■ **ABOUT THIS TASK**
Copy the data that appears below exactly. Drop the pictures.

■ **DATA SEGMENT**
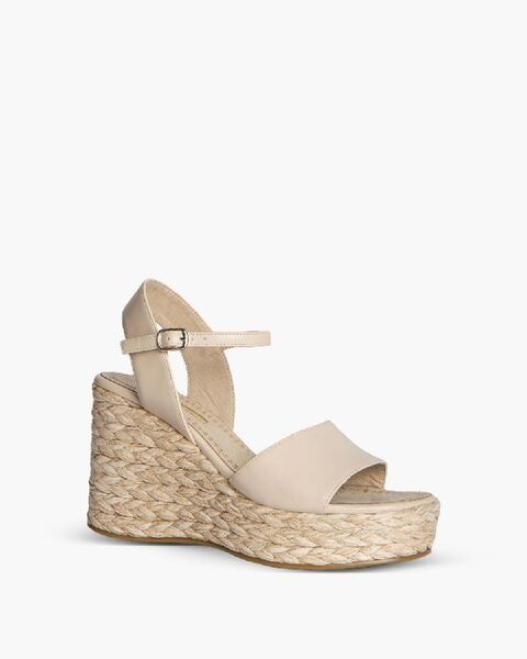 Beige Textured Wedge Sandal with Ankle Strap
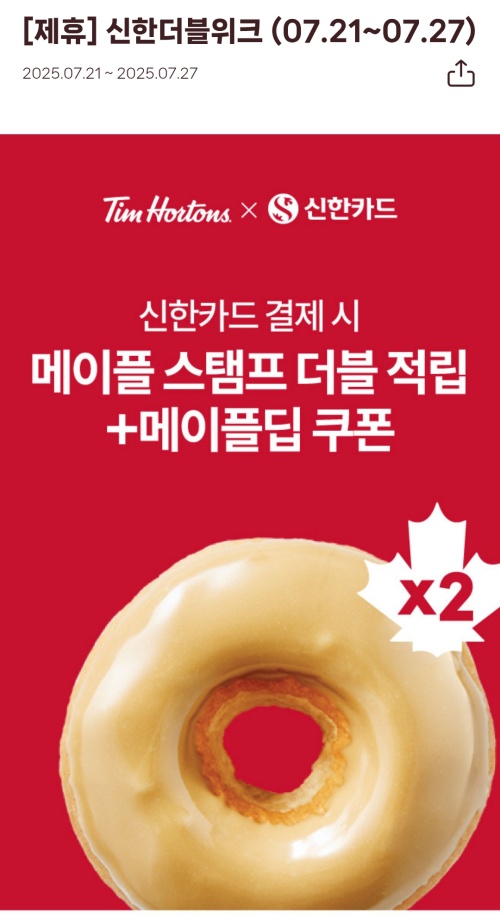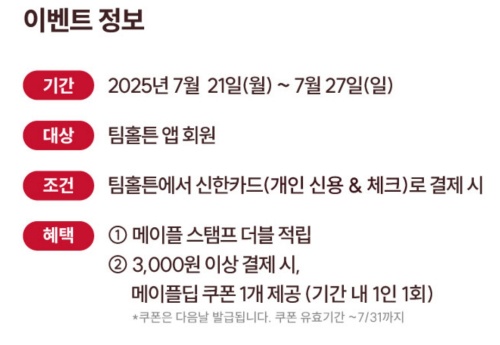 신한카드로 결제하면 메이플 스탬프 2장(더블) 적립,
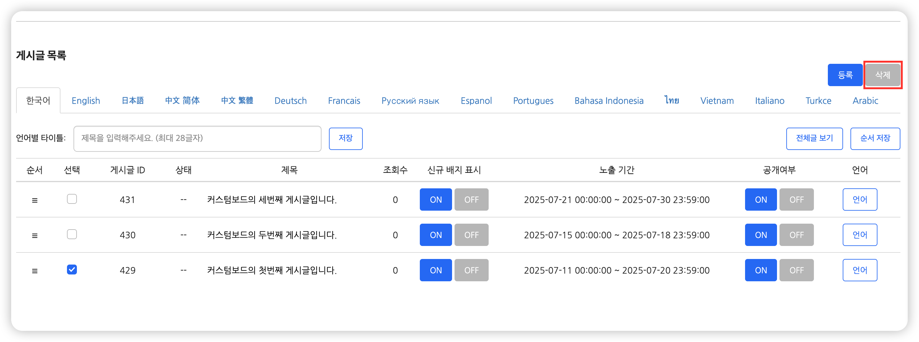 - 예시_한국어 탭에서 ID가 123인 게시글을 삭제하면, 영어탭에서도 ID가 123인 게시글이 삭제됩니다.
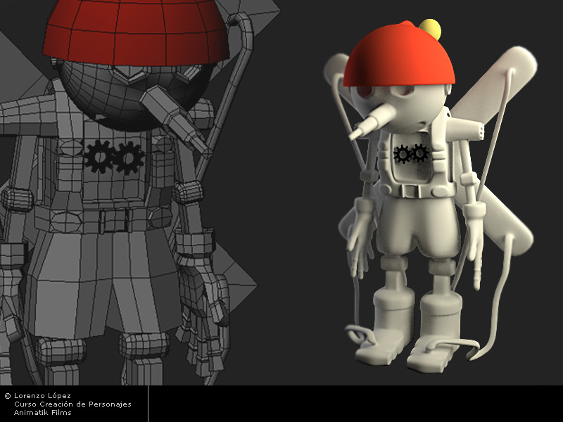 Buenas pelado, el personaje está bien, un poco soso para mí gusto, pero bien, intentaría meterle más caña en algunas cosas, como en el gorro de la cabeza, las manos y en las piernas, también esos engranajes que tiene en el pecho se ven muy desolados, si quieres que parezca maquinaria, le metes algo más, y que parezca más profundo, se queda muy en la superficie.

■ **TASK OUTPUT**
 Beige Textured Wedge Sandal with Ankle Strap
 신한카드로 결제하면 메이플 스탬프 2장(더블) 적립,
 - 예시_한국어 탭에서 ID가 123인 게시글을 삭제하면, 영어탭에서도 ID가 123인 게시글이 삭제됩니다.
 Buenas pelado, el personaje está bien, un poco soso para mí gusto, pero bien, intentaría meterle más caña en algunas cosas, como en el gorro de la cabeza, las manos y en las piernas, también esos engranajes que tiene en el pecho se ven muy desolados, si quieres que parezca maquinaria, le metes algo más, y que parezca más profundo, se queda muy en la superficie.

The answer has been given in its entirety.